31st March 2017
The New Rules of Web Design
It is not uncommon for people to often confuse web design and UX design. It is a fair assumption to think they are the same discipline because really they aren’t that far apart and do share a number of similarities.
So what does differentiate UX design from web design? And why are they both important?
I suppose a logical place to start would be to look at what does make them similar and where the confusion lies.
The phrase “web design” has many definitions, and indeed, what a web designer does is largely dependent on what the client or project requires. Web design can be to simply create visual designs and/or wireframes of the website and leave the coding of the website to front-end and back-end developers.
Often though web designers get involved with both the designing and (front-end) development of the website. Some web designers even regularly do user research and testing as part of their jobs, moving them extremely close to UX designers.
No matter what the project entails, there are some aspects of web design that can also be found in UX design.
Both disciplines involve a large amount of problem-solving. Web design solves the clients’ problem, while UX design solves the users’ problem. Both will involve a large amount of research into what the problem is, what causes the problem, and what solution may solve the problem.
In web design, the use of typography, colour, and layout shapes the emotions of the user. A sense of credibility could be established, for instance, by using darker colours and serif fonts; similarly, a sense of fun could be created using colourful imagery and playful typography. Web designers are familiar with emotional design; that is, creating designs that elicit emotions from users.
UX designers are also concerned with emotional design, but on a larger scale—they are concerned with eliciting emotions from users throughout their entire experience of using a product.
To do that, UX designers work with not only typography and colour but also psychology, motion design, content curation and information architecture. Web designers making the change would innately understand what emotional design in UX entails; they simply need to pick up new knowledge in other areas to augment their ability to do so on a bigger picture.

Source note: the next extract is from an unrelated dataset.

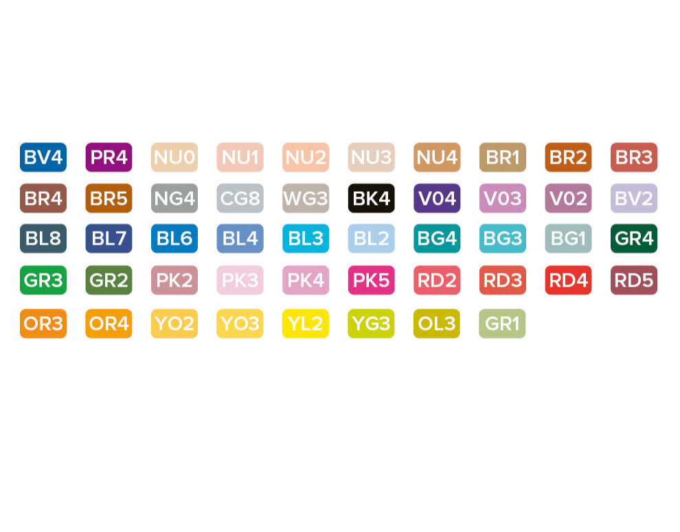 This set contains one pen each of Dusty Rose, Bubble Gum, Peony Pink, Fuchsia, Red Coral, Vermillion, Crimson Red, Burgundy, Tangerine, Seville Orange, Mellow Yellow, Warm Sunset, Summer Sun, Spring Meadow, Olive Green, Green Apple, Dark Sage, Grass Green, Evergreen, Lagoon, Turquoise, Aqua Marine, Baby Blue, Sky Blue, Cornflower Blue, Royal Blue, Indigo, Slate Blue, Lavender, Mauve, Plum, Deep Violet, Blue Violet, Purple Grape, Sand, Bisque, Light Peach, Fawn, Caramel, Taupe, Hot Cocoa, Cinnamon, Burnt Umber, Bark, Neutral Grey, Cool grey, Warm Grey and Deep Black.
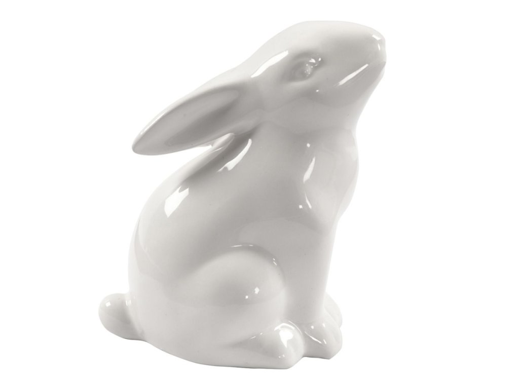 Minimalistický keramický biely zajac - ušatý V bielej farbe s výškou cca 11,5 cm má jemný tvar vajíčka so zajačou papuľkou a nosom, bez očí, doplnený o dlhé vzpriamené uši....

In web design, a large part of the focus is put on ensuring that the correct technologies are used to ensure the final product works. A web designer will spend a lot of time catching up with the fast-paced developments of HTML, CSS and basically any other coding language out there. The web designer must ensure they are up to date with all developments or you risk part of the final website not working on a certain browser.
From a UX designers point of view, they are not concerned with the technologies at play and ensuring that they work. The only concern for a UX designer is ensuring the final product works for the user. By focussing solely on the user a UX designer is able to pinpoint the problem and provide a sufficient solution.
So while a UX designer is carrying out hours of user research to solve their problem a web designer will be carrying out hours of technology research to avoid a problem before it occurs.
UX design can be applied to anything that involves a person using something, whether that is a website, a bottle of ketchup or a TV remote. The principle of UX design is universal and really can be applied to anything.
However, web design is strictly tied to online. It really is exactly what it says on the tin: website design.
So now you should be able to differentiate between UX design and web design. If they are designing a condiment bottle for an easy user experience they are a UX designer.